[Opening EXERCISE INPUT section]
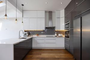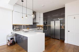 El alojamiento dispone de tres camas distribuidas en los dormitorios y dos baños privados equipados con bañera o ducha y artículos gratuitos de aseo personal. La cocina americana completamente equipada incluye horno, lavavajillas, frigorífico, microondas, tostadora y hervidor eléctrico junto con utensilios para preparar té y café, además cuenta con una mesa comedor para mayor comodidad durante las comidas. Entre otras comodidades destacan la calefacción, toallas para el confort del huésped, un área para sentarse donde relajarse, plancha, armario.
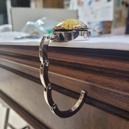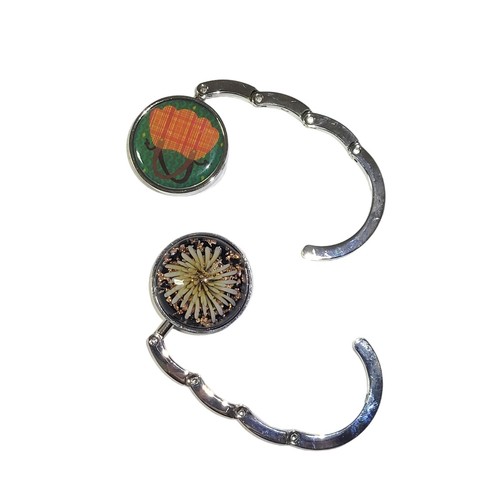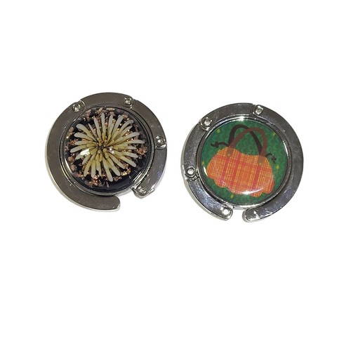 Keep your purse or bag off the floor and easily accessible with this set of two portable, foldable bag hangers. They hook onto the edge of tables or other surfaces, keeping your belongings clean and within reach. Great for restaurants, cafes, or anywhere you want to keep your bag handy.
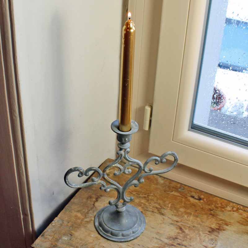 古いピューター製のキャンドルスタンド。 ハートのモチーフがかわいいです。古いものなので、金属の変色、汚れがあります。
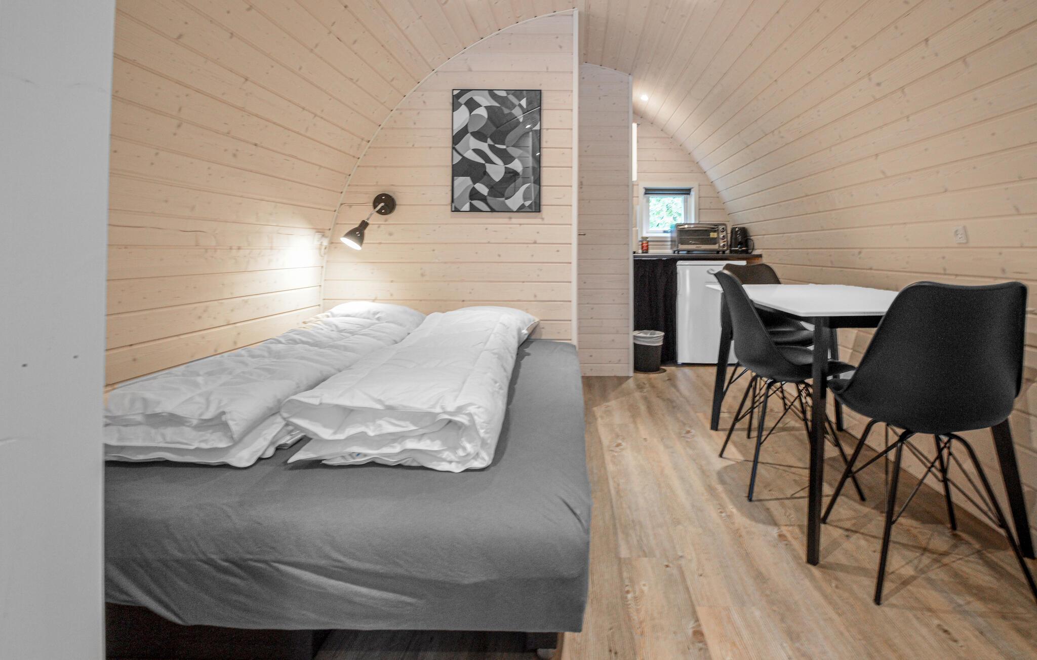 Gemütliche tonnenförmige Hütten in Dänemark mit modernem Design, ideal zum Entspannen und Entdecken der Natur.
[Closing EXERCISE INPUT section]
[Opening EXERCISE INPUT section]
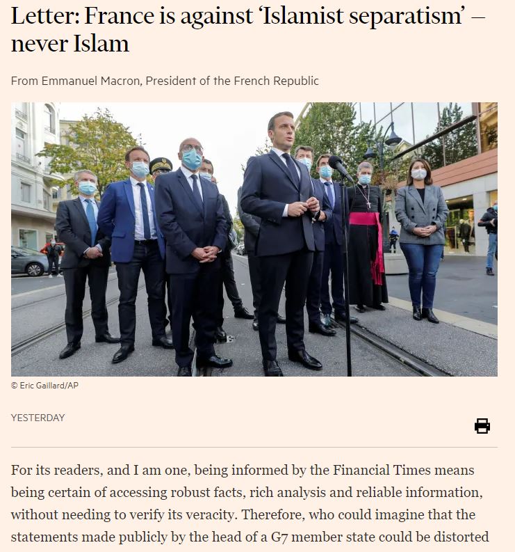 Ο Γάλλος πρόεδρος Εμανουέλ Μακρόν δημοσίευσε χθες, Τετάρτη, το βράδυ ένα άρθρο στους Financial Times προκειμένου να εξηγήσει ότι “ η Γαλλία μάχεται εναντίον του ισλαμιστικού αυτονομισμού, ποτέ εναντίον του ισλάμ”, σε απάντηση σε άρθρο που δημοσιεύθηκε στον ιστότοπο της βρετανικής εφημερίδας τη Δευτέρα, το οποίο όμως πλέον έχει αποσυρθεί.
[Closing EXERCISE INPUT section]
[Opening EXERCISE INPUT section]
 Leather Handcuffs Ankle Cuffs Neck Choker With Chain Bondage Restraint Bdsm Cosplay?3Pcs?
[Closing EXERCISE INPUT section]
* [TASK PROMPT]
Between and including the line with "古いピューター製のキャンドル" and the line with "Gemütliche tonnenförmige Hütten", repeat every line exactly as it appears above, with pictures left out.

* [OUTPUT]
 古いピューター製のキャンドルスタンド。 ハートのモチーフがかわいいです。古いものなので、金属の変色、汚れがあります。
 Gemütliche tonnenförmige Hütten in Dänemark mit modernem Design, ideal zum Entspannen und Entdecken der Natur.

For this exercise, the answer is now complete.